# Information:
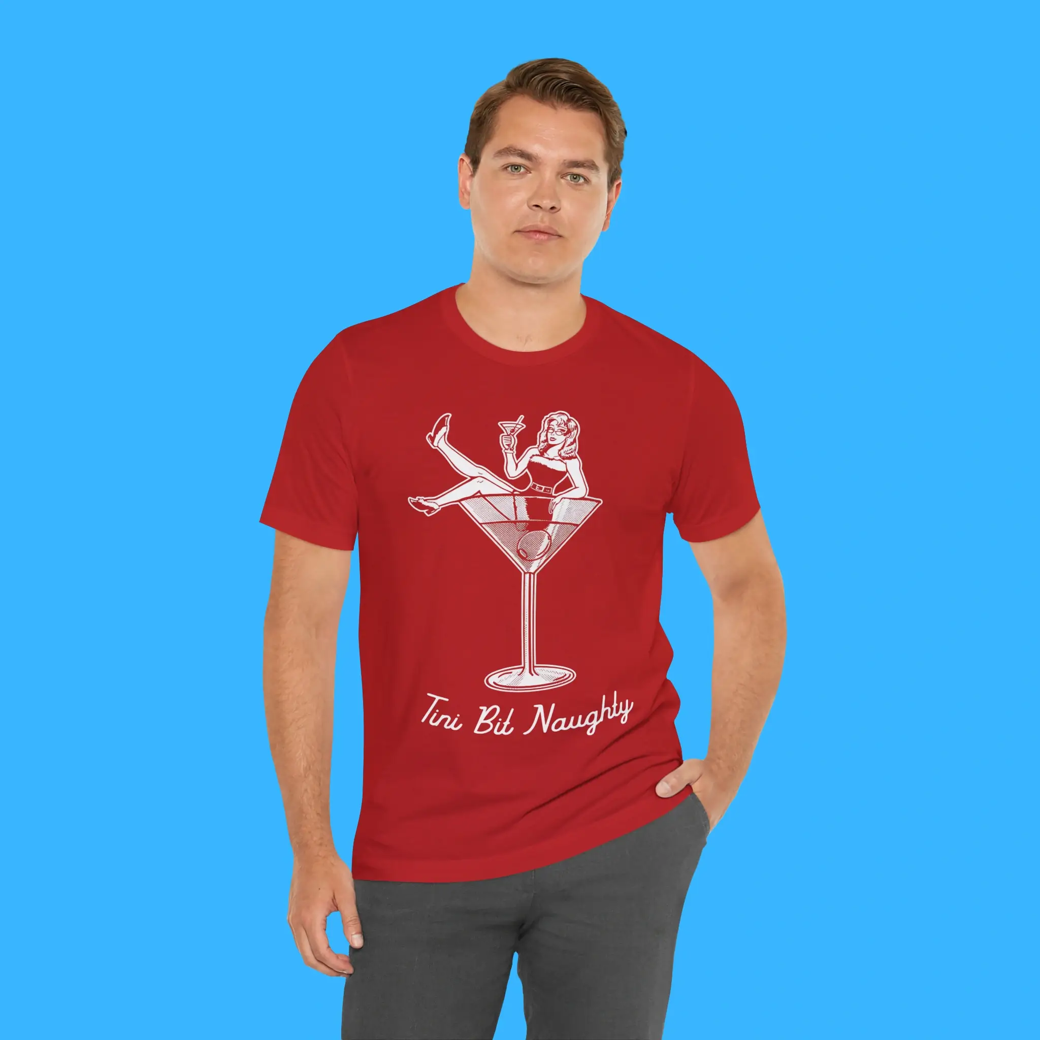 Don’t settle for boring holiday clothes. Instead, choose the Tini Bit Naughty Ugly Christmas Tee and show off your playful spirit. Order yours today and make this Christmas season merry, bright, and just a tini bit naughty!
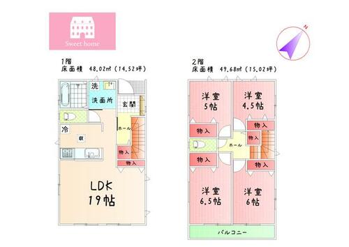 設備 | 収納スペース・都市ガス・トイレ2ヶ所・床下収納・上水道・下水道 | ||||
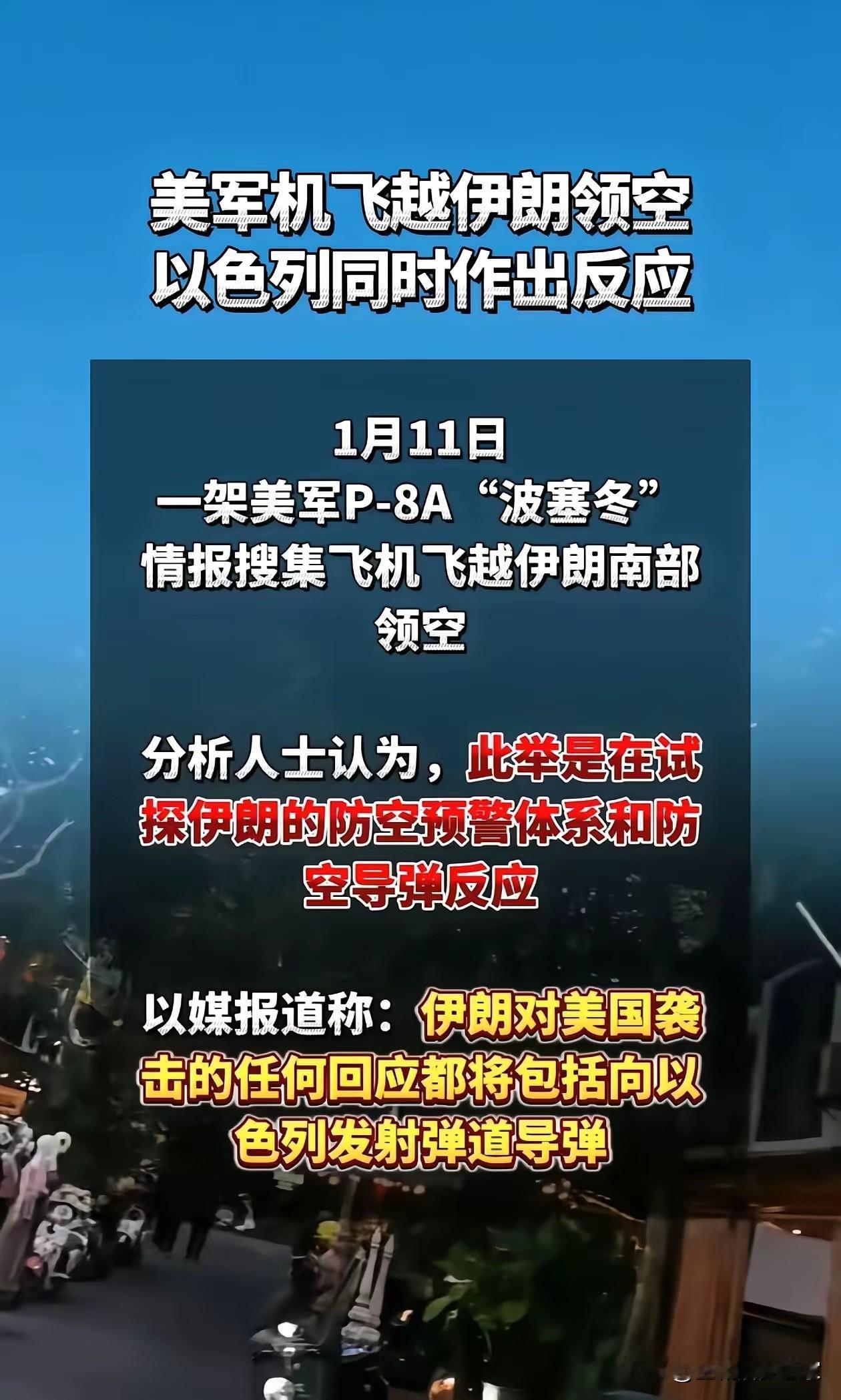 美以步步紧逼,伊朗局势剑拔弩张! 美以联手动作不断,伊朗正面临前所未有的压力,中东火药桶又要被点燃? 1月11日,美军P-8A“波塞冬”侦察机直接飞越伊朗南部领空,明摆着是试探伊朗的防空体系;另一边特朗普还在考虑对伊朗发动军事打击,以色列也跟着叫嚣要做好应对准备。 更离谱的是德国总理梅尔茨直接放话,称伊朗政权“只剩最后几天几周”,西方阵营的敌意简直写在脸上。连法国都撤了驻伊使馆非必要人员,美国更是要求公民立刻离开伊朗,这一系列操作,明眼人都能看出西方在为可能的冲突铺路。 但伊朗也没怂,直接警告若遭攻击必将还击,还放话回应美国的话会把弹道导弹对准以色列。一边是美以的军事威慑和舆论造势,一边是伊朗的强硬反击,这场对峙到底会走向何方? 伊朗局势 美伊关系 中东局势 互动:你觉得美以最终会对伊朗动手吗?评论区说说你的看法!
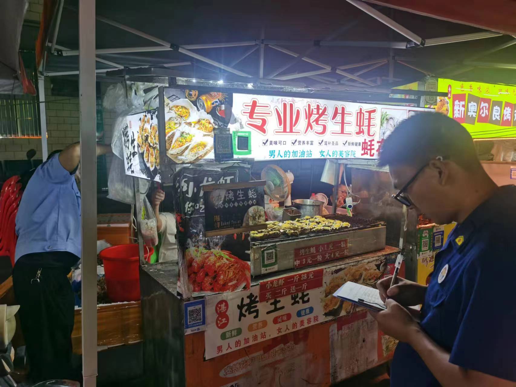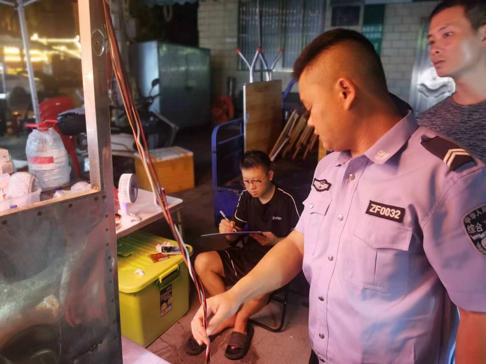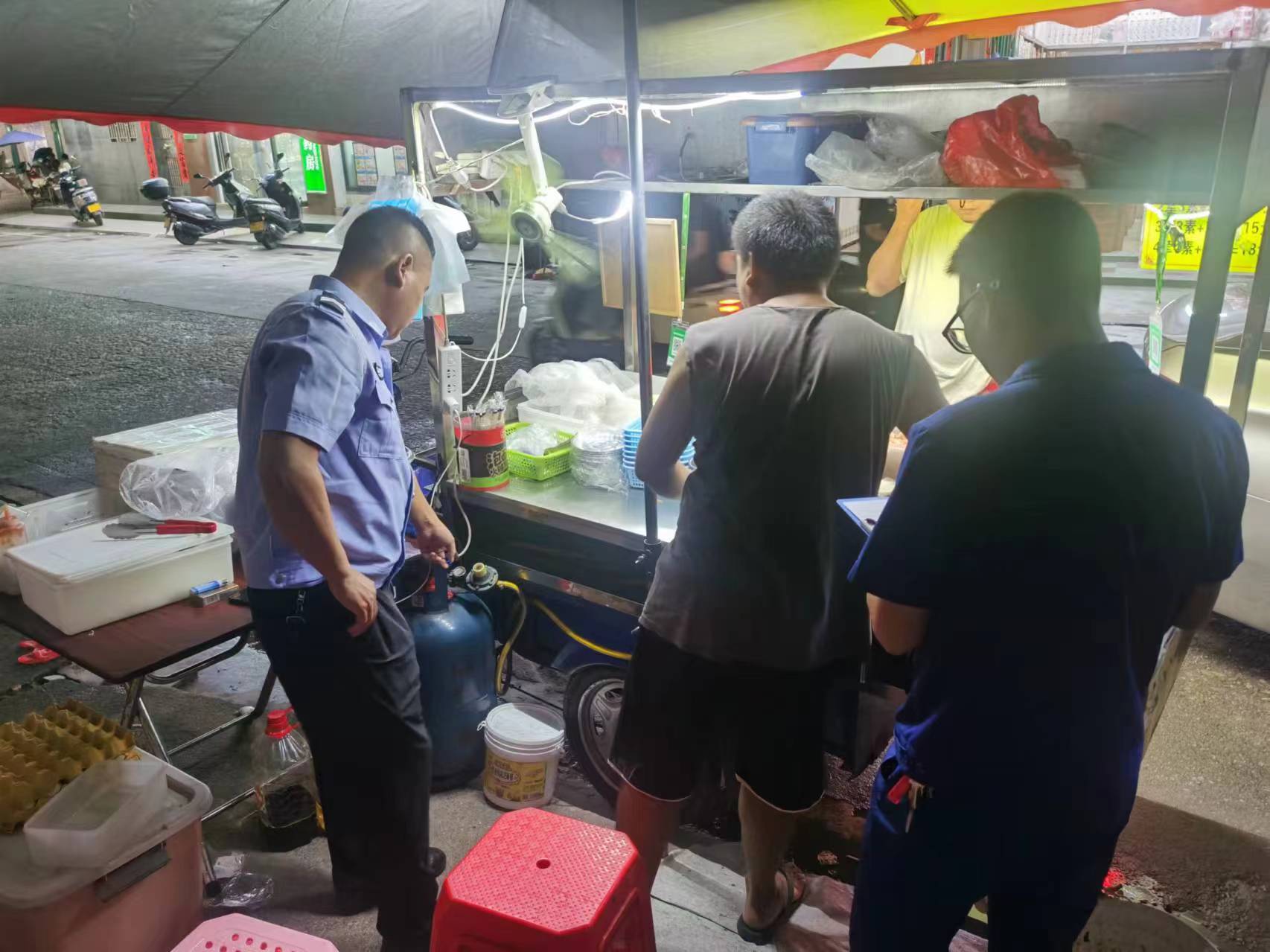 7 月 18 日晚,为推动地摊经济良性发展,守护群众生命财产安全,南塘镇组织镇执法队与消防队联合展开消防夜查及流动摊贩安全隐患排查行动。
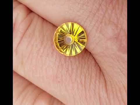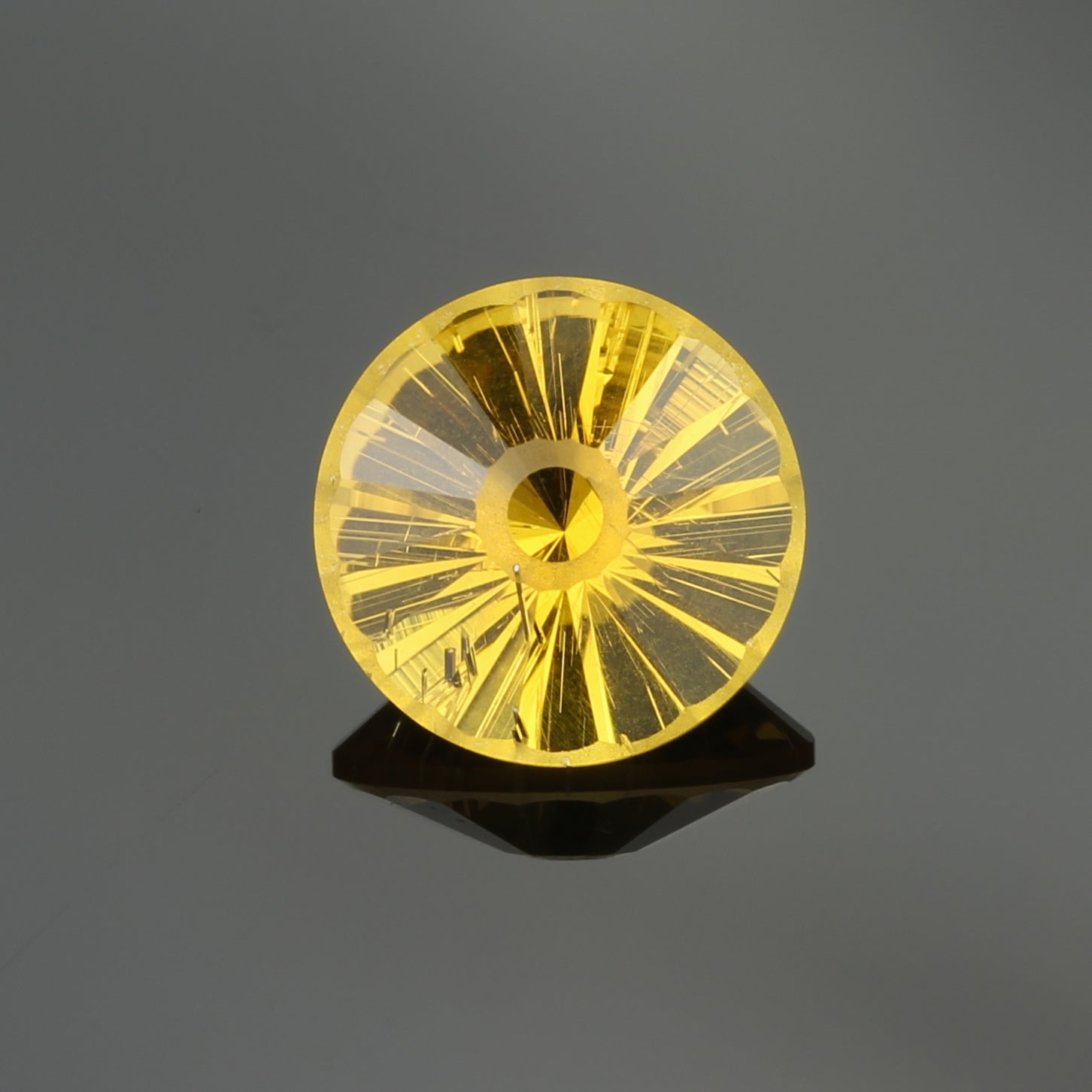 This funky almost 1.5ct yellow beryl (heliodor) is cut in a cool reflector pattern that dances between extinction and full colour. This material has some hollow tube like inclusions.
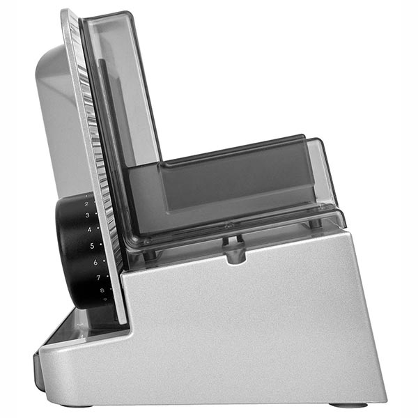 Slice thickness continuously adjustable: Stepless adjustment of the slice thickness is possible from wafer-thin up to approx. 20 mm. Thanks to the infinitely variable slicing thickness adjustment, the food can be cut into appetising slices.
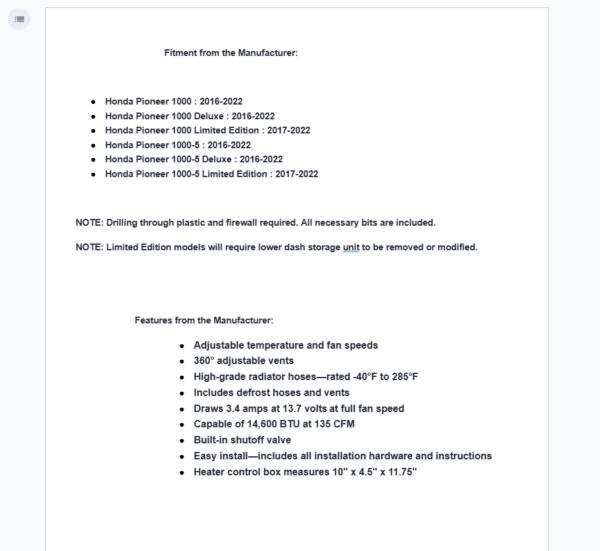 You need SuperATV’s Cab Heater because your Honda Pioneer 1000 is made to ride in the winter even if you’re not. It draws engine heat directly from the coolant lines to heat your cab just like a traditional car heater. Install is easy—we include hoses, drill-bits, and Pioneer-specific mounting plates to make it as easy as possible to get your heater up and running. With the unit mounted between the seats under the dash, you get balanced cab heating right where you want it. With adjustable temperature, and adjustable fan speeds, winter might just become your favorite time to ride.

# Problem description:
Write out each entry exactly, images excluded.

# Response:
 Don’t settle for boring holiday clothes. Instead, choose the Tini Bit Naughty Ugly Christmas Tee and show off your playful spirit. Order yours today and make this Christmas season merry, bright, and just a tini bit naughty!
 設備 | 収納スペース・都市ガス・トイレ2ヶ所・床下収納・上水道・下水道 | ||||
 美以步步紧逼,伊朗局势剑拔弩张! 美以联手动作不断,伊朗正面临前所未有的压力,中东火药桶又要被点燃? 1月11日,美军P-8A“波塞冬”侦察机直接飞越伊朗南部领空,明摆着是试探伊朗的防空体系;另一边特朗普还在考虑对伊朗发动军事打击,以色列也跟着叫嚣要做好应对准备。 更离谱的是德国总理梅尔茨直接放话,称伊朗政权“只剩最后几天几周”,西方阵营的敌意简直写在脸上。连法国都撤了驻伊使馆非必要人员,美国更是要求公民立刻离开伊朗,这一系列操作,明眼人都能看出西方在为可能的冲突铺路。 但伊朗也没怂,直接警告若遭攻击必将还击,还放话回应美国的话会把弹道导弹对准以色列。一边是美以的军事威慑和舆论造势,一边是伊朗的强硬反击,这场对峙到底会走向何方? 伊朗局势 美伊关系 中东局势 互动:你觉得美以最终会对伊朗动手吗?评论区说说你的看法!
 7 月 18 日晚,为推动地摊经济良性发展,守护群众生命财产安全,南塘镇组织镇执法队与消防队联合展开消防夜查及流动摊贩安全隐患排查行动。
 This funky almost 1.5ct yellow beryl (heliodor) is cut in a cool reflector pattern that dances between extinction and full colour. This material has some hollow tube like inclusions.
 Slice thickness continuously adjustable: Stepless adjustment of the slice thickness is possible from wafer-thin up to approx. 20 mm. Thanks to the infinitely variable slicing thickness adjustment, the food can be cut into appetising slices.
 You need SuperATV’s Cab Heater because your Honda Pioneer 1000 is made to ride in the winter even if you’re not. It draws engine heat directly from the coolant lines to heat your cab just like a traditional car heater. Install is easy—we include hoses, drill-bits, and Pioneer-specific mounting plates to make it as easy as possible to get your heater up and running. With the unit mounted between the seats under the dash, you get balanced cab heating right where you want it. With adjustable temperature, and adjustable fan speeds, winter might just become your favorite time to ride.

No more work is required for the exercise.